BEGIN DATASET EXTRACT
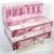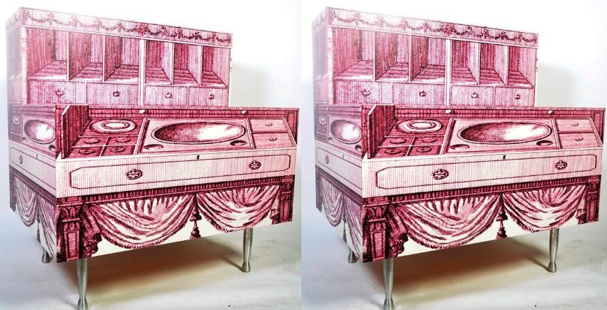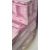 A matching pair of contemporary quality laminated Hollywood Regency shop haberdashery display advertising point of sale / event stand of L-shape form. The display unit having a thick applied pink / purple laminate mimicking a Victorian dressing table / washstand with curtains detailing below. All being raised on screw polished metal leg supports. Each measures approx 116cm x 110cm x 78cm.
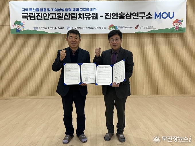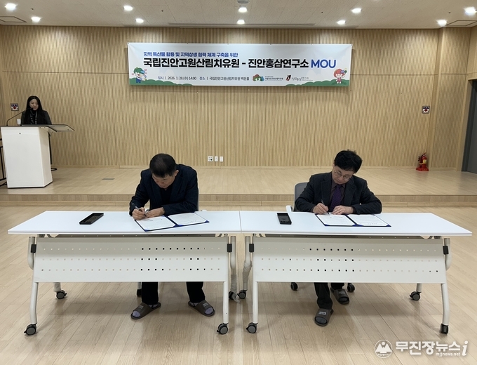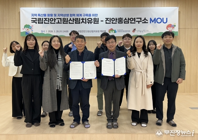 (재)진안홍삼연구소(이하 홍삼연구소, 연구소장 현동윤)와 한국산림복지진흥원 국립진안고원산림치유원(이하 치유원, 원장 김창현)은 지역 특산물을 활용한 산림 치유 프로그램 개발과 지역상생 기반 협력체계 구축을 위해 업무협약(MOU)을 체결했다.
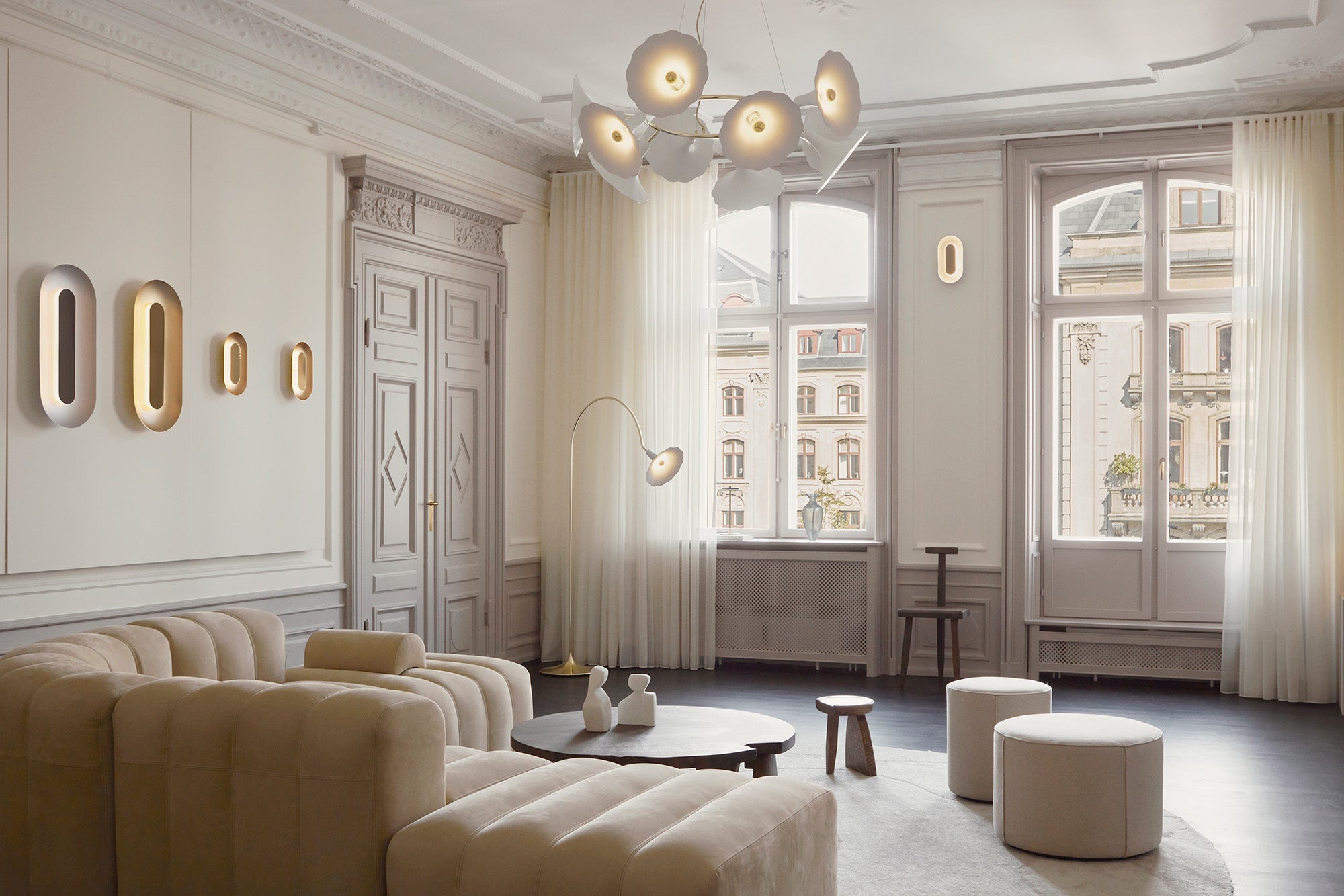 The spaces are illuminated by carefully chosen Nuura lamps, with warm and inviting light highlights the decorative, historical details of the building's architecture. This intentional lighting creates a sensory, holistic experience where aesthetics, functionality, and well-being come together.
END DATASET EXTRACT
§ **TASK**:
Could you restate the material word for word, omitting the pictures?

§ **RESPONSE**:
 A matching pair of contemporary quality laminated Hollywood Regency shop haberdashery display advertising point of sale / event stand of L-shape form. The display unit having a thick applied pink / purple laminate mimicking a Victorian dressing table / washstand with curtains detailing below. All being raised on screw polished metal leg supports. Each measures approx 116cm x 110cm x 78cm.
 (재)진안홍삼연구소(이하 홍삼연구소, 연구소장 현동윤)와 한국산림복지진흥원 국립진안고원산림치유원(이하 치유원, 원장 김창현)은 지역 특산물을 활용한 산림 치유 프로그램 개발과 지역상생 기반 협력체계 구축을 위해 업무협약(MOU)을 체결했다.
 The spaces are illuminated by carefully chosen Nuura lamps, with warm and inviting light highlights the decorative, historical details of the building's architecture. This intentional lighting creates a sensory, holistic experience where aesthetics, functionality, and well-being come together.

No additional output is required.